Government data requests under foreign laws. Sudo Labs is a Singaporean company with subsidiaries in the US and the Cayman Islands. We respond to requests from these jurisdictions through proper legal process and only for data we hold. Requests from other jurisdictions are evaluated under MLAT or equivalent treaties. The transparency report publishes counts and categories.

Validator collusion. The validator network is designed to make collusion expensive (hidden identities, random selection, slashing for incorrect votes), but it is not impossible. A determined adversary that controls a quarter of the active validator stake and can correctly predict random selection has a non-trivial chance of swinging individual disputes. We track the cost of such an attack in the protocol parameters and tune them to keep it well above the value at risk in a typical escrow.

Comparison to nearby messengers

Briefly, because comparisons are useful and because we believe in them.

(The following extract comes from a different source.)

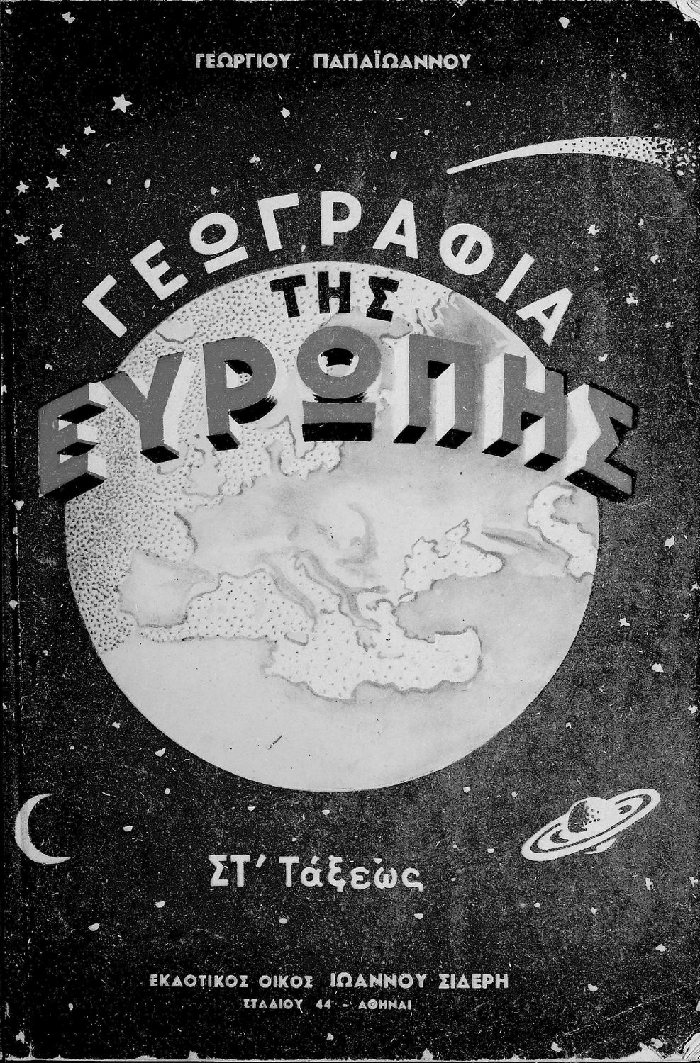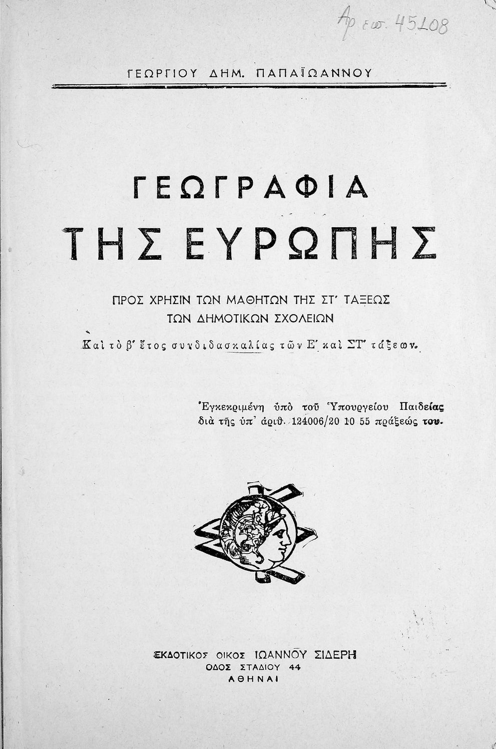 Κωδικός αναγνώρισης: 01-45108 Τίτλος: Γεωγραφία της Ευρώπης, προς χρήσιν των μαθητών της ΣΤ΄ τάξεως των Δημοτικών Σχολείων και το β΄ έτος συνδιδασκαλίας των Ε΄ και ΣΤ΄ τάξεων Συγγραφέας: Γεωργ. Δ. Παπαϊωάννου Μέγεθος και υπόστρωμα: Μαθητικό βοήθημα, μαλακό εξώφυλλο, 136 σελίδες. Εικόνες (ασπρόμαυρες), χάρτες (ασπρόμαυροι). |

Signal is, in our opinion, the closest design philosophy. Signal protects message contents with rigorous E2EE, treats metadata reduction as a first-class concern, and publishes a clear threat model. Signal is centralised on a single operator and uses phone numbers as identity. Sudo is non-custodial on identity (your wallet) and decentralised on dispute resolution (the validator set). Both are good fits for different threat models.

Telegram is the worst-case comparison. Telegram's default chats are not end-to-end encrypted. Group chats are never end-to-end encrypted. The threat model is "trust Telegram", which is a viable choice depending on your circumstances but should not be confused with the threat model of an actually encrypted messenger.

WhatsApp encrypts message contents with the Signal protocol but stores extensive metadata centrally and integrates with Meta's identity graph. Sudo holds neither.

Matrix is closest in spirit on the federation question. Matrix is more federated than Sudo (any homeserver can join), and Sudo is more cryptographically rigorous on group encryption (we use MLS, Matrix uses Olm/Megolm with known scaling caveats). Both are reasonable choices for organisations with technical staff.

Auditing your own threat model

The most important advice we can give is this: write down your own threat model before you choose a tool.

Who do you actually need to defend against? An ad-network advertiser? A controlling spouse? A national security service? A sophisticated cybercriminal? A jealous coworker? A subpoena? Each adversary has different capabilities, different budgets, different legal access, and demands different defences.

Once you have your model written down, evaluate every tool against it — not against a generic "encrypted" promise. Sudo's threat model is good for users worried about platform overreach, censorship, content surveillance, payment surveillance, and identity loss to a centralised authority. It is not good for users worried about state-sponsored physical surveillance or OS-level compromise.

If your situation is the second category, please use a security professional and a hardened device, not a consumer app. We mean that.

Where to go from here

The full technical version of this document, with citations to the underlying RFCs, our published audit reports and our ongoing research, lives in the security pages and the whitepaper. Vulnerability reports go to the security email on the security page; we run a paid bounty program through Immunefi and we acknowledge every responsible disclosure publicly.

Thanks for reading. Threat models are not glamorous, and we are grateful that you cared enough to read this far.